The Supreme Court has spoken.

It wasn’t a surprise, but it was disappointing. In a 5-4 decision, the Court created an oven-fresh, new right to marry someone of the same gender.  The Court provided no limiting principle that would prevent their logic from extending to other kinds of relationships whose profession of love is not currently acknowledged with a marriage license.

The decision was a setback for the rule of law.

The Constitution says as much about marriage as it does about the Seahawks.  When the Constitution is silent on an issue, then that issue should be resolved by the legislative branch of government.  The states (or Congress) should have been allowed to continue wrestling with this issue and reaching a resolution based on the input of the people through their elected representatives.

But as it turns out, the voices of 51 million people from thirty-one states who voted for laws defining marriage as a relationship between a man and a woman were overruled by five, unelected lawyers in Washington, DC.

For a number of people, the response to the Court’s decision was relief.  Sentiments like, “At least it’s over!!” and “Can we please stop talking about gay marriage now?”

Unfortunately, the conflict between the sexual revolution and the nation’s faith-based people and institutions may only intensify in the coming months and years.  Here’s why.

1. The LGBT political leadership doesn’t want to coexist:  An entire industry was built to accomplish what happened on Friday.  That industry is not going to suddenly declare itself obsolete. You don’t raise money by declaring victory. Now that “full equality under the law” has been accomplished, there will be another crisis requiring their attention, and another, and another…
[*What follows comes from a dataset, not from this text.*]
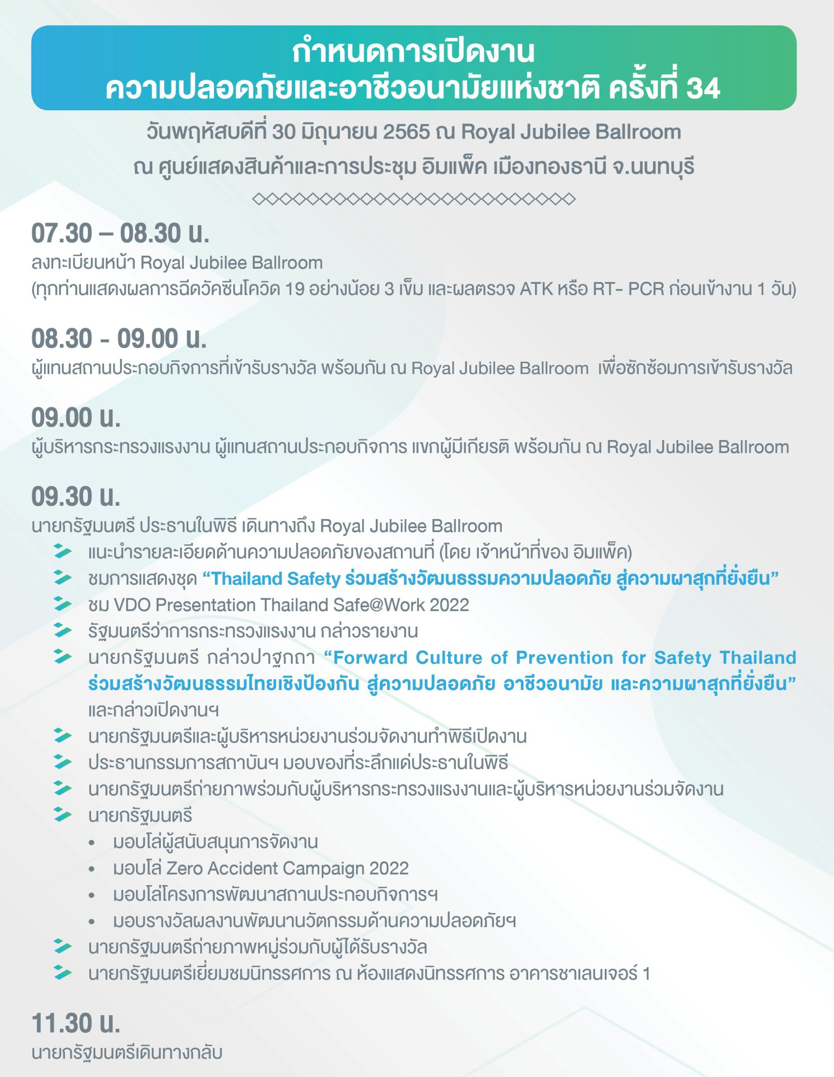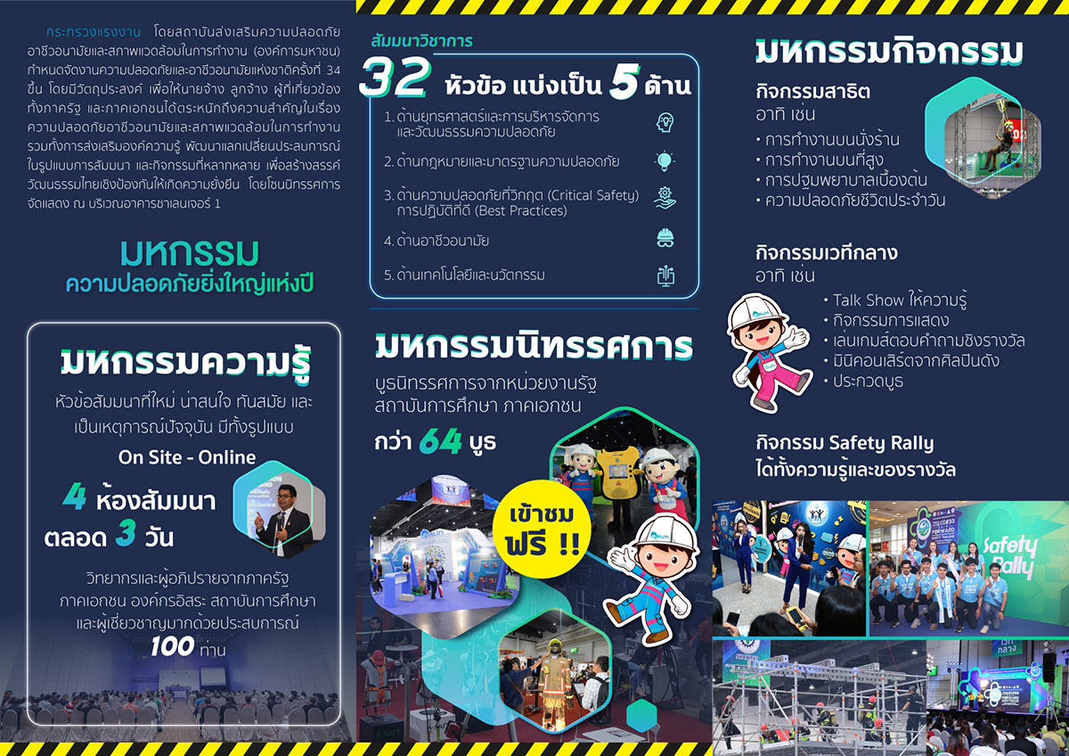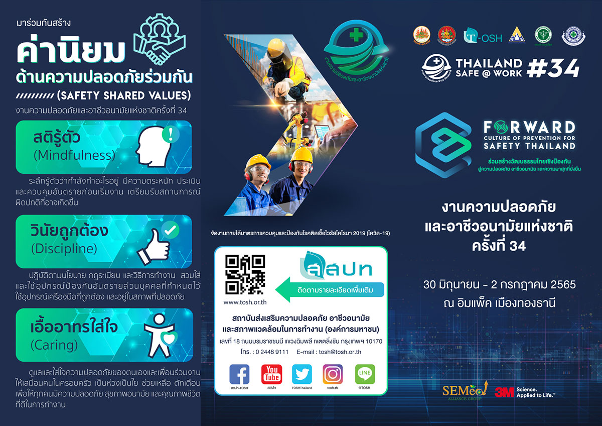 กระทรวงแรงงาน โดยสถาบันส่งเสริมความปลอดภัย อาชีวอนามัย และสภาพแวดล้อมในการทำงาน (องค์การมหาชน) กำหนดจัดงานความปลอดภัยและอาชีวอนามัยแห่งชาติ ครั้งที่ 34 ขึ้นระหว่างวันที่ 30 มิถุนายน -2 กรกฎาคม 2565 ณ ศูนย์แสดงสินค้าและการประชุมอิมแพ็ค เมืองทองธานี มีวัตถุประสงค์เพื่อให้นายจ้าง ลูกจ้าง ผู้ที่เกี่ยวข้องทั้งภาครัฐ และภาคเอกชน ตระหนักถึงความสำคัญในเรื่องความปลอดภัย อาชีวอนามัย และสภาพแวดล้อมในการทำงาน ภายใต้แนวคิด ร่วมสร้างวัฒนธรรมไทยเชิงป้องกัน สู่ความปลอดภัย อาชีวอนามัย และความผาสุกที่ยั่งยืน (Forward Culture of Prevention for Safety Thailand) โดยงานดังกล่าวจัดให้มีการสัมมนาวิชาการ การแสดงนิทรรศการและการสาธิตด้านความปลอดภัยในการทำงาน รวมทั้งกิจกรรมการประกวดและสาระบันเทิงด้านความปลอดภัยในการทำงาน เพื่อให้กลุ่มบุคคล และองค์กรที่เกี่ยวข้อง ได้มีโอกาสในการพัฒนาแลกเปลี่ยนเรียนรู้ ประสบการณ์ทางวิชาการ แนวคิดและวิธีการแก้ไขปัญหา เพื่อการสร้างสรรค์วัฒนธรรมไทยเชิงป้องกัน สู่ความปลอดภัย อาชีวอนามัย และความผาสุกที่ยั่งยืน (จัดงานภายใต้มาตรการควบคุมและป้องกันการแพร่ระบาดของโรคติดเชื้อไวรัสโคโรนา 2019 ของกระทรวงสาธารณสุข) โดยโซนนิทรรศการ จัดขึ้นบริเวณอาคารชาเลนเจอร์ 1

2. Some people are still free to disagree: The goal of the LGBT political movement has always been to eradicate the belief that homosexuality and heterosexuality are different.  That is why they promote policies that allow someone to decline to decorate a cake critical of same-sex “marriage,” but not decline to decorate a cake supportive of it.  The goal is to create a government that punishes beliefs about homosexuality they disagree with. Therefore, as long as you have the freedom to run your business, non-profit, university, school, or church according to your beliefs, their job is not done.

3. Now it’s easier to call you a racist, legally speaking:  The 14th Amendment was written to stop the government from treating people differently because of their race. Now that the Supreme Court has discovered a new right to marry someone of the same gender in the 14th amendment, it’s easier to argue that those who don’t celebrate homosexuality are the same as racists. As a result, the ability to remove tax-exempt status, cut off federal funding to religious universities, and otherwise marginalize people who believe in natural marriage became easier.

Marriage has been redefined most recently, but it may not be the last word to be redefined.

Soon, “religious freedom” may mean only the freedom to believe what you want in your head and maybe talk about it at church or at home. You may need a license though. In the same way, “civil rights” may soon be redefined so that a person can be forced to celebrate an event they disagree with but not free to say something “offensive”.  After all, that’s “hate speech.”

The world is changing quickly, but the truth about marriage remains.

And the need for courage only grows.

So you stayed out of the debate about marriage because you didn’t feel like telling someone else how to live their life.  Great.

But what will you do when they start telling you how to live yours?

Will you surrender all your freedom in an effort to avoid being misunderstood? Let’s hope not.

But we’re going to find out, because, despite what we all wish, this is far from over.